When Romney decided to run for Senate after longtime Utah Senator Orrin Hatch retired, there was another option. State Rep. Mike Kennedy was an elected official who had a lot more to do with Utah politics than Mitt Romney did. Yes, Romney was a presidential candidate with an enormous amount of money and full name ID. But he also had a history of trashing Trump, and it was quite evident that he would not change direction upon entering the Senate. Trump could have thrown his support behind Kennedy. At worst, he could have stayed on the sidelines. But instead he endorsed Romney, even though he was not an incumbent, dealing a death blow to any alternative.

Well, Romney hasn’t made a great senator. All he does is virtue-signal in the media and echo all their gripes against the president on nearly every one of his policy proposals.
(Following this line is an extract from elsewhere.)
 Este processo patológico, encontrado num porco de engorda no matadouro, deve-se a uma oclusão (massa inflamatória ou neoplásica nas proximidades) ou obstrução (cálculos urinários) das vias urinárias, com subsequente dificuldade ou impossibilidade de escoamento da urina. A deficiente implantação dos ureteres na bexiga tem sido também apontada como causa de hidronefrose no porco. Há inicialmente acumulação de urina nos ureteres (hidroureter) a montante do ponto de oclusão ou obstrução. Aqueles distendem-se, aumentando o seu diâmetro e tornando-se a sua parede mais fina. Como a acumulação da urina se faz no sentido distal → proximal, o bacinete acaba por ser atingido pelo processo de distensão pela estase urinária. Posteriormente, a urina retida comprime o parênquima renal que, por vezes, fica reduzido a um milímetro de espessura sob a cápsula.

Rather than replacing Orrin Hatch as senator from Utah, he has apparently replaced John McCain as the GOP go-to senator for the media.



Unfortunately, as I’ve chronicled before, this exercise in self-sabotage, of Trump endorsing anti-Trump candidates and incumbents, has played out over and over again. He did this by endorsing Luther Strange over Mo Brooks in the Alabama Senate race. He did this by endorsing Thom Tillis in the North Carolina Senate race, when for once, there was actually a challenger with money (who has since dropped out). He also endorsed weak Republican Cindy Hyde-Smith in Mississippi over conservative favorite Chris McDaniel. In addition, many of the liberal governors defying Trump on refugee resettlement were endorsed by him.

Last week, the Daily Wire reported that Trump endorsed a liberal candidate in the Florida-26 congressional primary who voted for Hillary Clinton and demanded that Trump drop out of the presidential race. A fierce Trump loyalist was passed over.

It would be one thing for Trump to automatically oppose anyone who crosses him, but that clearly is not the case. He only opposes those who cross him who are also out of favor with the establishment.  But that is no way to drain the swamp. It seems clear that the establishment types like Mitch McConnell and Kevin McCarthy have his ear when it comes to endorsements.

Trump needs to consider what his second term will look like with the same swampy GOP House and Senate. We were told that expanding the GOP majority in the Senate from 51 to 53 seats after the midterm elections would give Trump a buffer to pass his priorities. Yet he can’t even get many of his executive nominees confirmed, which is why so many critical players in the administration, such as Ken Cuccinelli, are still serving in an “acting” capacity.

Imagine if Trump loyalists were assured that, were they to take a leap of faith and run against the party establishment, Trump would have their backs. We would witness the earth-shattering change within the party that Trump’s base was pining for in 2016. Yet, at present, all they know is that the establishment candidate will always get the endorsement, which further dissuades anyone from destroying their careers and running a suicide campaign for office. Now that Trump has stormed the castle, he needs to secure the ladder for reinforcements, not pull it out from under those charging right behind him.